CHAPTER VI
PRENATAL CARE
The day is long since past when the obstetrician’s concern for his patient began when she went into labor. The obstetrician of to-day watches and cares for his patient throughout pregnancy, for he knows that by so doing he greatly increases her chances of surviving the ordeal of childbirth, and the baby’s prospect of living through that perilous first year.
Although many conditions that result in invalidism or death occur during labor or the puerperium, they have their beginnings during pregnancy. Their prevention, then, or early recognition, followed by prompt and efficient treatment, will avert many of the dreaded complications and emergencies associated with childbearing.
In order to prevent these disasters it is necessary to supervise the expectant mother and care for her from early in pregnancy—from the time of conception if possible—until the onset of labor, and this is prenatal care. It may be divided into instruction, examinations and observations, as follows:
1. a. Teaching the expectant mother the principles of personal hygiene, as especially adapted to meet her needs, and helping her to adopt them;
b. Describing to her the more apparent, normal changes of pregnancy which she is likely to notice and perhaps not understand, and also the common symptoms of complications which she may detect and should report;
2. The doctor’s preliminary examination, early in pregnancy, comprising a study of the size, shape and proportions of the pelvis, and later their relation to the size and mouldability of the baby’s head; a Wassermann test for syphilis; urinalysis and measuring the blood pressure. In addition to these, a complete physical survey is made, consisting of examinations of the heart, lungs, breasts, abdomen, a vaginal smear for gonorrhea, and the patient’s height, weight and temperature;
3. Constant watching for early symptoms of the complications of pregnancy, with speedy treatment of such symptoms when they appear, and relieving the common discomforts of pregnancy; making observations upon the presentation and size of the fetus, later in pregnancy, in order to plan ahead of time for the delivery, if the patient’s condition makes this advisable.

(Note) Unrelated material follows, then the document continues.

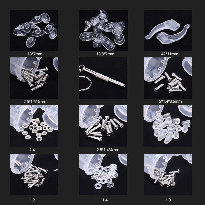 Eyeglass Sun Glasses Optical Repair Tool Screw Nut Nose Pad Assortment Set Kit
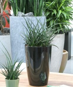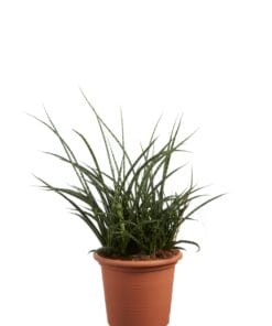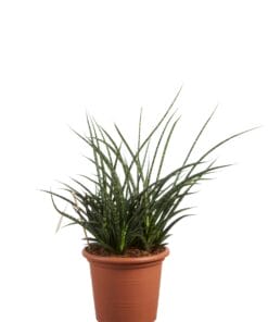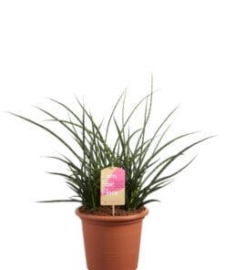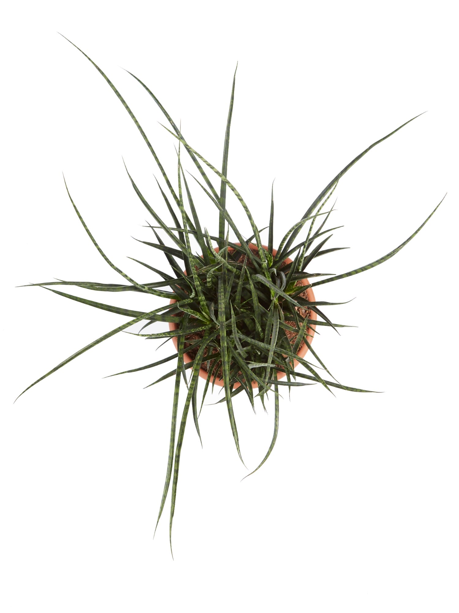 “De Sansevieria is een heel bekende kamerplant en wordt ook wel “vrouwentong” genoemd. Oorspronkelijk komen deze planten uit Afrika, Madagaskar en zuid Azië. De Fernwood Punk bestaat uit donkergroene, cilindrische bladeren die als het haar van een punkrocker alle kanten op staan. Een Sansevieria is extreem makkelijk te verzorgen, doordat hij best wel even zonder water kan en niet heel veel eisen stelt aan zijn standplaats. Een perfecte plant dus voor iemand die vaak een periode weg is van huis, of voor de student die wel wat groen wil, maar niet zoveel bezig wil zijn met de verzorging ervan. Deze Sansevieria is ook een van de planten die de lucht in huis kan zuiveren! Dat betekent dat hij niet alleen CO2 omzet in zuurstof, maar dat hij ook allerlei schadelijke stoffen uit de lucht haalt. In tegenstelling tot de meeste planten, doet de Sansevieria dit voornamelijk ’s nachts. Perfect voor slaapkamers in woningen in de stad en voor huizen met weinig ventilatie!

Prenatal care of this character is essentially preventive for both the mother and the new-born baby.
We gain a faint impression of what it may prevent when we learn that year after year, about 17,000 young women die in the United States from causes associated with childbirth, which are known to be largely preventable (during 1918 the number was 23,000); and that each year about 112,000 babies are born dead, and 100,000 of those born alive perish during the first month of life, also from causes which are largely controllable.